On Tuesday in Tallahassee, Florida Gov. Ron DeSantis (R) signed legislation that reeks of Big Brotherism a la Orwell’s famed novel. 1984, requiring that students, faculty, and staff at public colleges and universities in the Sunshine State  reveal their political views in an effort to encourage “intellectual diversity.”

According to the Tampa Bay Times:

The survey will discern “the extent to which competing ideas and perspectives are presented” in public universities and colleges, and seeks to find whether students, faculty and staff “feel free to express beliefs and viewpoints on campus and in the classroom,” according to the bill.

The measure, which goes into effect July 1, does not specify what will be done with the survey results. But DeSantis and Sen. Ray Rodrigues, the sponsor of the bill, suggested on Tuesday that budget cuts could be looming if universities and colleges are found to be “indoctrinating” students.

Indoctrinating students with what? Facts and information? It seems every Republican’s worst nightmare is that  people will make their own political choices based on their experience, education, and personal beliefs.

At a press conference when he signed the bill into law, DeSantis declared:

“It used to be thought that a university campus was a place where you’d be exposed to a lot of different ideas. Unfortunately, now the norm is, these are more intellectually repressive environments. You have orthodoxies that are promoted, and other viewpoints are shunned or even suppressed.”

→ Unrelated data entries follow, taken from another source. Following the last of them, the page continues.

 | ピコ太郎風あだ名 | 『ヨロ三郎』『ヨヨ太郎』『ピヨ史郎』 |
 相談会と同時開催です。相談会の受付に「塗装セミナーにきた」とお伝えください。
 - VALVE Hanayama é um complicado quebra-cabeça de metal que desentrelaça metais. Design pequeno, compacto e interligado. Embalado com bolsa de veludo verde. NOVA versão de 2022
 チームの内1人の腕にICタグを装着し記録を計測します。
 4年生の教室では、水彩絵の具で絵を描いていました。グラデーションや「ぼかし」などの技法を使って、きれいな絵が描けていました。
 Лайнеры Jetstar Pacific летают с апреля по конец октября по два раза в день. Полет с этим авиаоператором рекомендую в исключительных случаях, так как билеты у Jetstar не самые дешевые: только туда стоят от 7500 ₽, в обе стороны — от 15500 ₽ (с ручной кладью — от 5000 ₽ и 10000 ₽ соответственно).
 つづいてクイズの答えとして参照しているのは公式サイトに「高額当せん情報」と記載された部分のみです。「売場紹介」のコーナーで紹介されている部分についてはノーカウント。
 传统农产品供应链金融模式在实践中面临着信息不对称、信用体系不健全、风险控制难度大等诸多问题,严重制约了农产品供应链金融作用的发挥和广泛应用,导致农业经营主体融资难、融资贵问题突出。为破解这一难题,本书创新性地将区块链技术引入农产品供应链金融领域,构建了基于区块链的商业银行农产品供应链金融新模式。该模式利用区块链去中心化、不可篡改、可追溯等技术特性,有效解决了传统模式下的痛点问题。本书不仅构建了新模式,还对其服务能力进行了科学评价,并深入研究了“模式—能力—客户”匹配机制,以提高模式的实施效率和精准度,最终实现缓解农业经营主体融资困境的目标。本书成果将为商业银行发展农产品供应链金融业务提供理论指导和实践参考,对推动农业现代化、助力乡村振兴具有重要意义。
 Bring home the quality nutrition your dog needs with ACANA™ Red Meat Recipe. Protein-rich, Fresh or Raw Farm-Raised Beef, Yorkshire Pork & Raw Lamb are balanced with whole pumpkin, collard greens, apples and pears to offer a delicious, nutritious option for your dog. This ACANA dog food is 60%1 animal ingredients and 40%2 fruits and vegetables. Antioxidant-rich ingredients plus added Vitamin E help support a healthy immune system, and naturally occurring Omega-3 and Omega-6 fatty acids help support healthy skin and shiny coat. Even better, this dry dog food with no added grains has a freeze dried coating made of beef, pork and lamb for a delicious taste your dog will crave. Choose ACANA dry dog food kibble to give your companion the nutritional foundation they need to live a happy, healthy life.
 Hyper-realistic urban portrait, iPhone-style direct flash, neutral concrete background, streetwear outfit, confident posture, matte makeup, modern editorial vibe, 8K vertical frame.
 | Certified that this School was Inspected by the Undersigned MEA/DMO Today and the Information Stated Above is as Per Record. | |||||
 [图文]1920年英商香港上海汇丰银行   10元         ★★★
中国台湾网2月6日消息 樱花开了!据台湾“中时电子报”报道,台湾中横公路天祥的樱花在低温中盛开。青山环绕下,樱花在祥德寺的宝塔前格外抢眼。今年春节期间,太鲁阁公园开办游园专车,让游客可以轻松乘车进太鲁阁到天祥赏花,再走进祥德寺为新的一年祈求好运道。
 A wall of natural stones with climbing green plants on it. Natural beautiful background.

While Florida Republicans say they welcome the legislation as a way to encourage free speech on campuses across the state, debate on the controversial legislation revealed that many in the state GOP haven’t thought through the issue and where it could lead:

Sen. Lori Berman, D-Boynton Beach, asked Rodrigues, R-Estero, if the information could be “used to punish or reward colleges or universities?” She wondered: “Might faculty be promoted or fired because of their political beliefs?”

Rodrigues said no. But the language in the bill, and the statements made Tuesday, do not back that assertion. The bill also offers no assurances that the survey’s answers will be anonymous, and there is no clarity on who can use the data and for what purpose.

Big Brother just got a lot bigger and more intrusive in the state of Florida, all so Ron DeSantis can build a name for himself as he prepares to run for president in 2024.